## [PROBLEM STATEMENT]
Copy exactly, and only, the lines between the start of the entries below and the line containing "More than seven", both inclusive. Omit pictures.

[Excerpts from a dataset]
============================================================

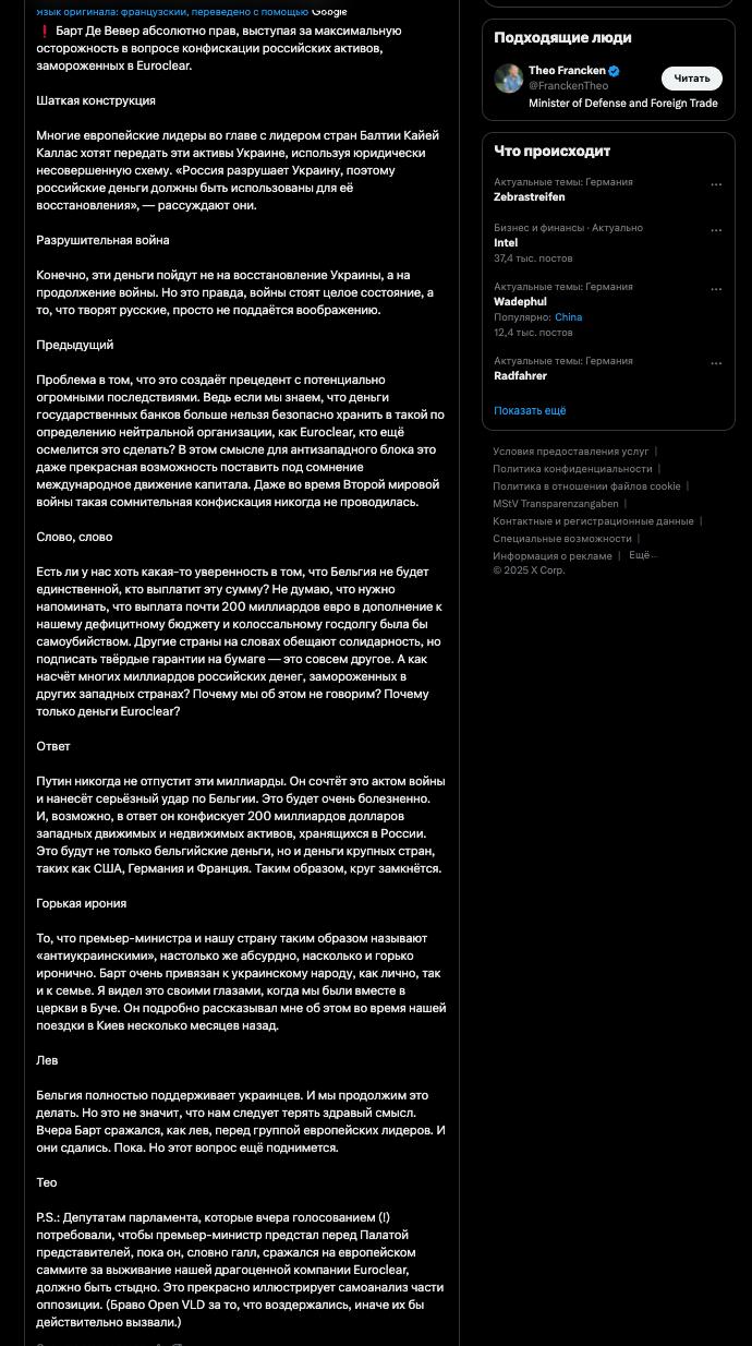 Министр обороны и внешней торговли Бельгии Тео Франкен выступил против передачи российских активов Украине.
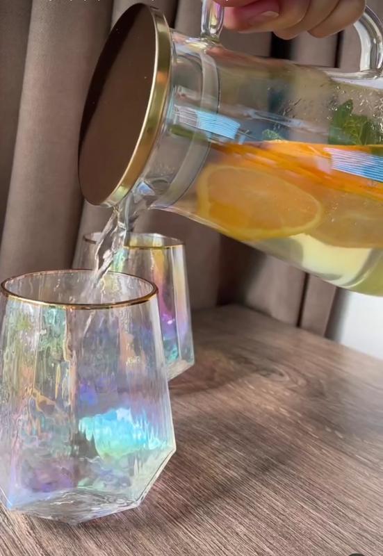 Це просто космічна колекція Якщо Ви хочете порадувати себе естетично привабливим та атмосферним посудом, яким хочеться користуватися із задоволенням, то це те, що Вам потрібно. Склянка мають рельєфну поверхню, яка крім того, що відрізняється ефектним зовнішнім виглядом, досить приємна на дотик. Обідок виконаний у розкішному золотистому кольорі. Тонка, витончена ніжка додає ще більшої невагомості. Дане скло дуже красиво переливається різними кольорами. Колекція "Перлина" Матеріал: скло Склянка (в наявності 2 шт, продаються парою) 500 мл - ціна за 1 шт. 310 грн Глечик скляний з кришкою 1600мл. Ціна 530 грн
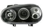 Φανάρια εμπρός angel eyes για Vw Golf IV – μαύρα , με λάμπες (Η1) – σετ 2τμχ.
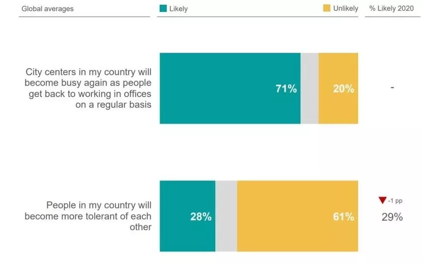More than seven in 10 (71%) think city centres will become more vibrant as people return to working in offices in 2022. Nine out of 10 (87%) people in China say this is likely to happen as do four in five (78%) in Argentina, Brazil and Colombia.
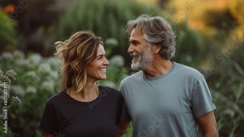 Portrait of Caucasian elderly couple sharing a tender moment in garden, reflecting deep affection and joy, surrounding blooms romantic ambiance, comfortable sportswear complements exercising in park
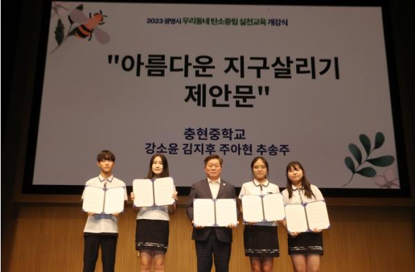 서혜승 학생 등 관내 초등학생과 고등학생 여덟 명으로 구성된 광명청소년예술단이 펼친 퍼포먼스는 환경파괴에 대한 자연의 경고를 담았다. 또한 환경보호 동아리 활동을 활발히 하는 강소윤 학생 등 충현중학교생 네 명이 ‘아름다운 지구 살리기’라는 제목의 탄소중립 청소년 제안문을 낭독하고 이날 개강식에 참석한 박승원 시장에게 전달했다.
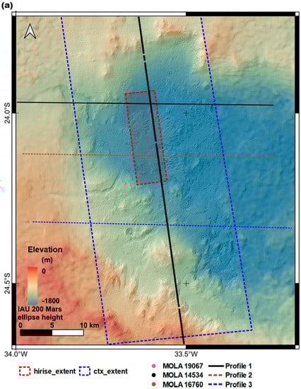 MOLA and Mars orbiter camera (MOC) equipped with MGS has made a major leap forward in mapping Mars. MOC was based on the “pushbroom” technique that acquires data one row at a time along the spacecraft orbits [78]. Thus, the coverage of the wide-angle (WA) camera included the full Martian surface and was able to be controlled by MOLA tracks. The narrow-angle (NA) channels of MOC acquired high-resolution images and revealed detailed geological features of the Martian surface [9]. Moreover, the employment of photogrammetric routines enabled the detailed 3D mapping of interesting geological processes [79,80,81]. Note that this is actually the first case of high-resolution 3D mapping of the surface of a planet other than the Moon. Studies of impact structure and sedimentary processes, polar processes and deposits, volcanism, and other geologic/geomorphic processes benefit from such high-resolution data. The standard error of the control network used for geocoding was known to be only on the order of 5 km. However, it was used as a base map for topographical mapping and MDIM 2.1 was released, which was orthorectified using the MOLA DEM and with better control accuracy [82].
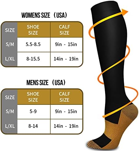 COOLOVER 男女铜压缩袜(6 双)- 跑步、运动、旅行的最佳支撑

============================================================

## [ANSWER SECTION]
 Министр обороны и внешней торговли Бельгии Тео Франкен выступил против передачи российских активов Украине.
 Це просто космічна колекція Якщо Ви хочете порадувати себе естетично привабливим та атмосферним посудом, яким хочеться користуватися із задоволенням, то це те, що Вам потрібно. Склянка мають рельєфну поверхню, яка крім того, що відрізняється ефектним зовнішнім виглядом, досить приємна на дотик. Обідок виконаний у розкішному золотистому кольорі. Тонка, витончена ніжка додає ще більшої невагомості. Дане скло дуже красиво переливається різними кольорами. Колекція "Перлина" Матеріал: скло Склянка (в наявності 2 шт, продаються парою) 500 мл - ціна за 1 шт. 310 грн Глечик скляний з кришкою 1600мл. Ціна 530 грн
 Φανάρια εμπρός angel eyes για Vw Golf IV – μαύρα , με λάμπες (Η1) – σετ 2τμχ.
More than seven in 10 (71%) think city centres will become more vibrant as people return to working in offices in 2022. Nine out of 10 (87%) people in China say this is likely to happen as do four in five (78%) in Argentina, Brazil and Colombia.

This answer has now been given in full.